Захар, казалось, оставил всякую надежду попасть
на фронт. Так же как и обычно ходил на службу, но все тревожней и тревожней
становилось на сердце, когда слушал радио. Жена его, Прасковья, часто
вспоминала, как он отводил глаза, полные слез и молча выходил из хаты.
Переживал, ночами не спал.
- Чувствовала я, что всеми силами души он рвется
туда, где уже полыхает, где горит родная землица. Рвался, чтобы спасти,
защитить, «погасить пожар», зажженный фашисткой нечистью.
Когда немцы оккупировали южные территории страны
и буквально стояли на пороге родного района, Захар написал второе заявление.
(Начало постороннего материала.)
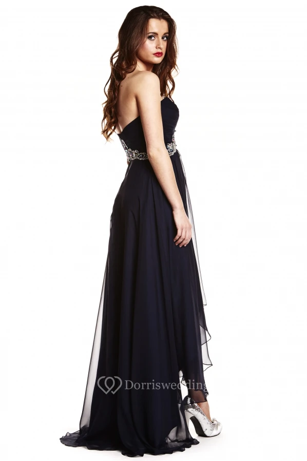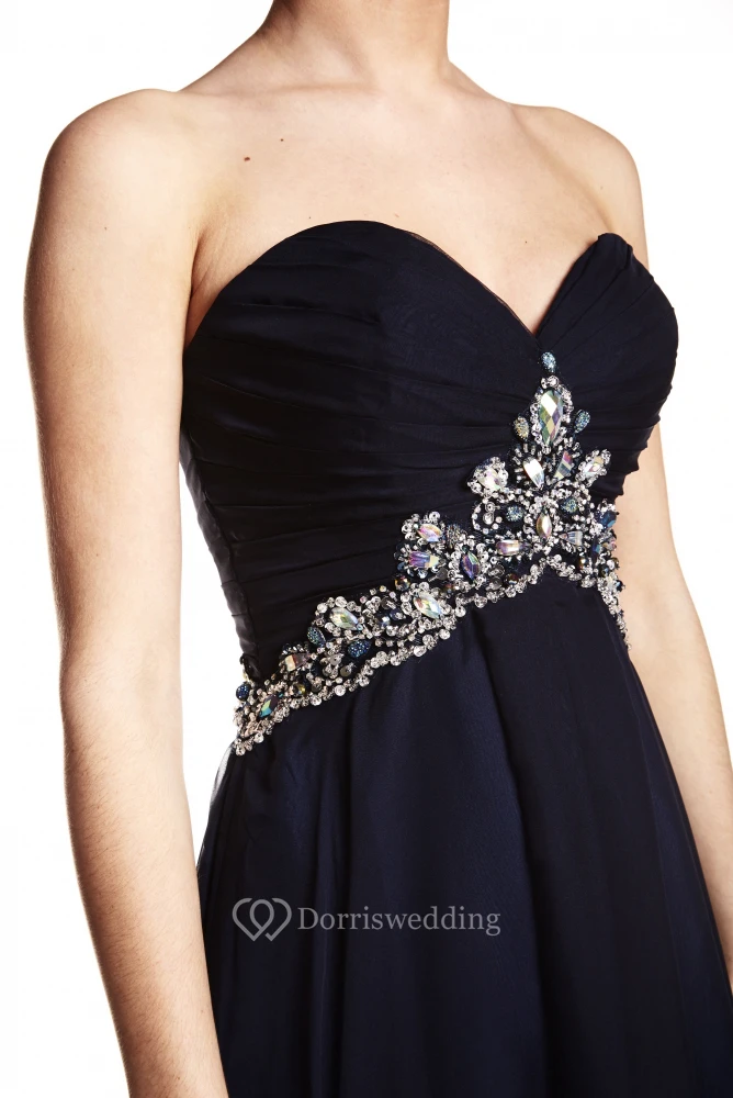 Maxi Sleeveless Sweetheart Ruched Chiffon Prom Dress With Beading

Приняли! Он и еще несколько хуторян самостоятельно выдвинулись в часть. Но, не
пройдя на полпути в районе хутора Железный и станицы Воронежской были схвачены
гитлеровцами. Дальнейшие события, к великому нашему сожалению, можно
восстановить только по разрозненным воспоминаниям местных жителей. Известно,
что зимой 43 года немцы держали советских военнопленных в местном храме. Возможно,
именно там и нашел свою мученическую смерть схаченный фашистами дед Захар.
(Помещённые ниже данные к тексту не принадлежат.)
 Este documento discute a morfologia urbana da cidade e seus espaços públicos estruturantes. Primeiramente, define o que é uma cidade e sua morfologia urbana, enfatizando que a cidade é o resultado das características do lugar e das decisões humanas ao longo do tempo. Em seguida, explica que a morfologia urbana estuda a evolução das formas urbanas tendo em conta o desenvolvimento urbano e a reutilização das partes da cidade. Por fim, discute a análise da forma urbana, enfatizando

Но существует еще одна версия,
по которой Захар Воронов и его земляки, плененные немцами, были угнаны по
направлению к Крыму. Но она не получила никаких документальных подтверждений, поэтому
сегодня мы не можем рассматривать ее как основную.
Бабушка Прасковья всю жизнь
ждала его с войны. По данным военных архивов Захар Воронов пропал без вести
осенью 43-го.
В непростое для страны время пришлось моему папе
Анатолию проходить срочную службу. Вторая чеченская кампания – этими словами
все сказано.
Ему было всего тринадцать, когда за сотни
километров от маленького кубанского хуторка началась Его война. Как и любой
мальчишка-подросток, он все дни напролет пропадал на улице и совсем не смотрел
телевизор. Тревожные новости из «горячей точки» проходили мимо его ушей.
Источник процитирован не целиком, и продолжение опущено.